One commentator, found on the Internet Movie Database, noted that the entire film was like a dream. That is one way I can look at this film – someone’s dream caught on celluloid. But the “Pete” section is too cogent for a dream. However, the random, slow, and often jerky imagery of the half-hour “prologue” is extremely dream-like, and even the switch between the Renee character to the Alison character (or is it vice versa?), both played by Arquette, can be seen with some swevenic logic.

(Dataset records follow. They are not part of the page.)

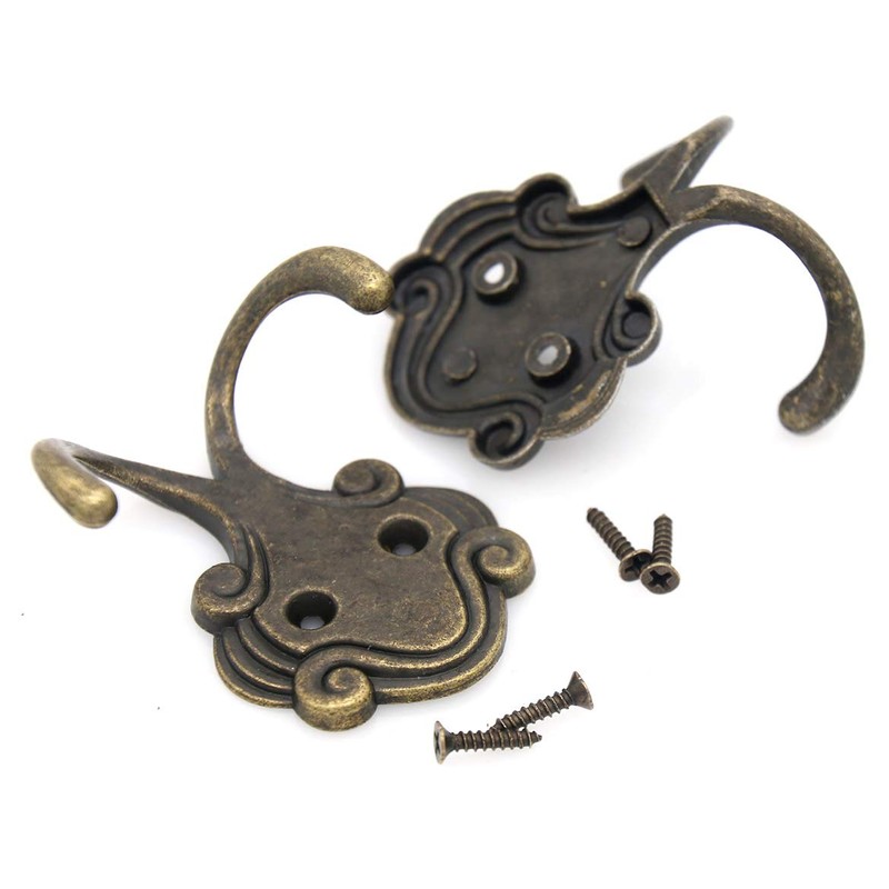 - 💗DESIGN: Vintage style dual-prong wall hook with two mounting holes. The hook base is embossed and the shape looks like an octopus. The antique brass color gives a vintage flavor to the hook.
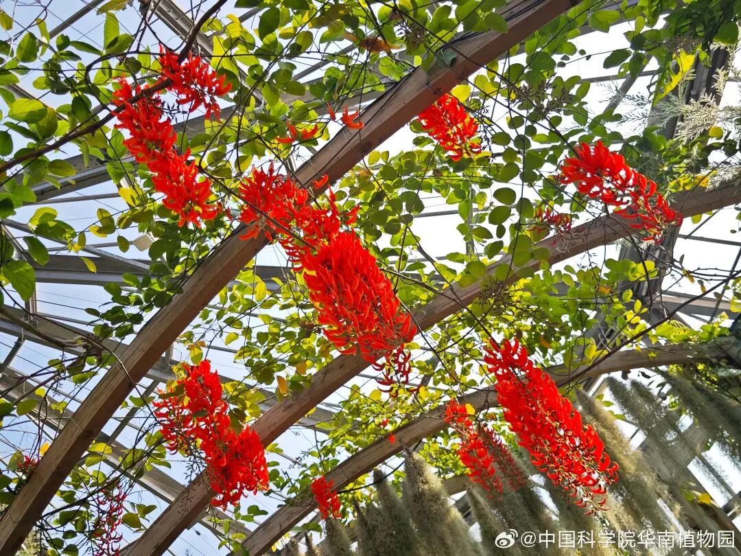 熱著熱著,華南國家植物園的紅花油麻藤突然爆開了一串串烈火紅焰!鮮艷的色彩正如12月廣東不減的暖意。一睹為快↓↓↓
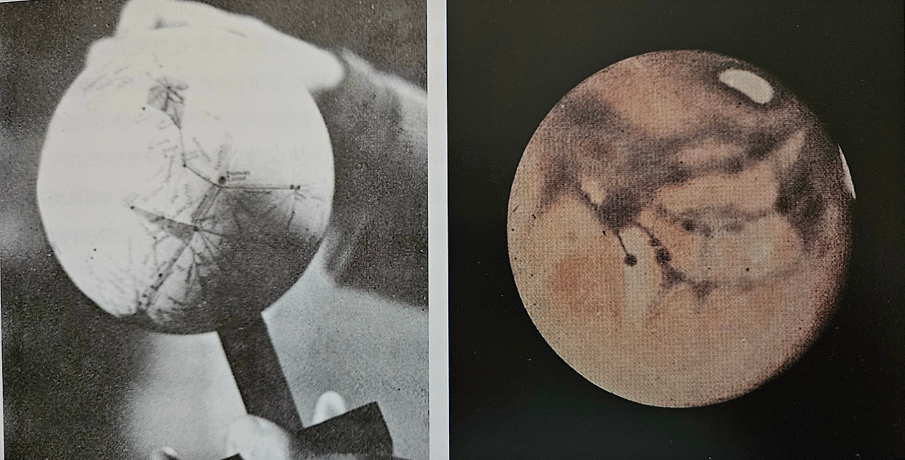 그런데 그전인 1877년 이탈리아의 천문학자 조반니 스키아파렐리가 화성의 ‘카날리(canali)’에 관한 연구를 발표했는데, 그는 한 개 혹은 두 개의 직선들이 복잡한 네트워크를 이루며 이 행성의 밝은 지역 여기저기를 가로지르는 것을 보고 이것을 “카날리”라고 불렀다. 이 단어는 영어권에서 ’운하‘로 번역되면서 화성의 열풍이 유럽과 미국을 휩쓸기 시작했다.
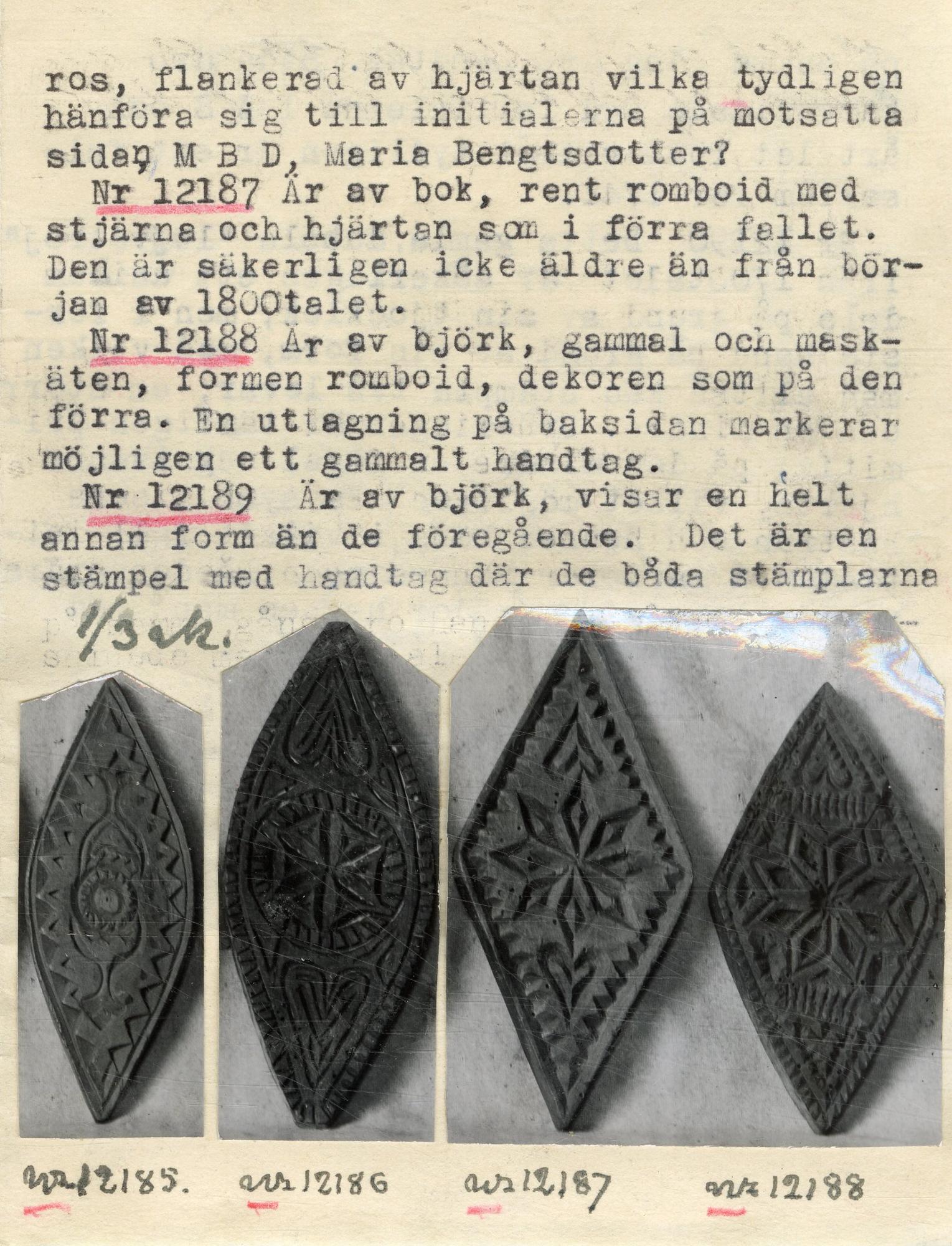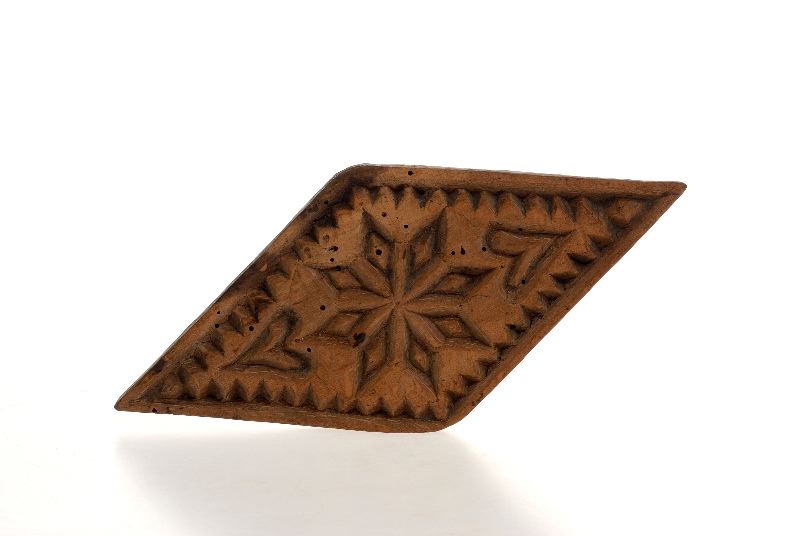 Romboid. I mitten en stjärna med ett hjärta på vardera sidan. Uddsnitt längs med ytterkanterna.

I think the primary reason I felt I should memorialize the occasion of watching Lost Highway with this commentary is that I actually went to th Internet afterwards and read reviews and interviews in an effort to make sense of the film. I failed, miserably. Lynch will reveal nothing, leaving this miasma of random images and microscopic plots to the personal interpretation of the viewer. I have come away with a sense that I have either a.) missed the point entirely due to my inability (from a lack of either intelligence or savvy) to “get” the film; or b.) been severely cheated by watching the cinematic equivalent of a Modernist novel without the heart or soul buried within. Lynch expressly called the film a “story,” but to appreciate a story, humans need characters that they care about (in some way, good or bad) and some kind of strong emotional or logical thread throughout the work (and if it is fear of intimacy, as some have suggested, then it is nearly immolated by imagery and randomness). Everything else is just throwing stuff at the wall and seeing what happens to stick.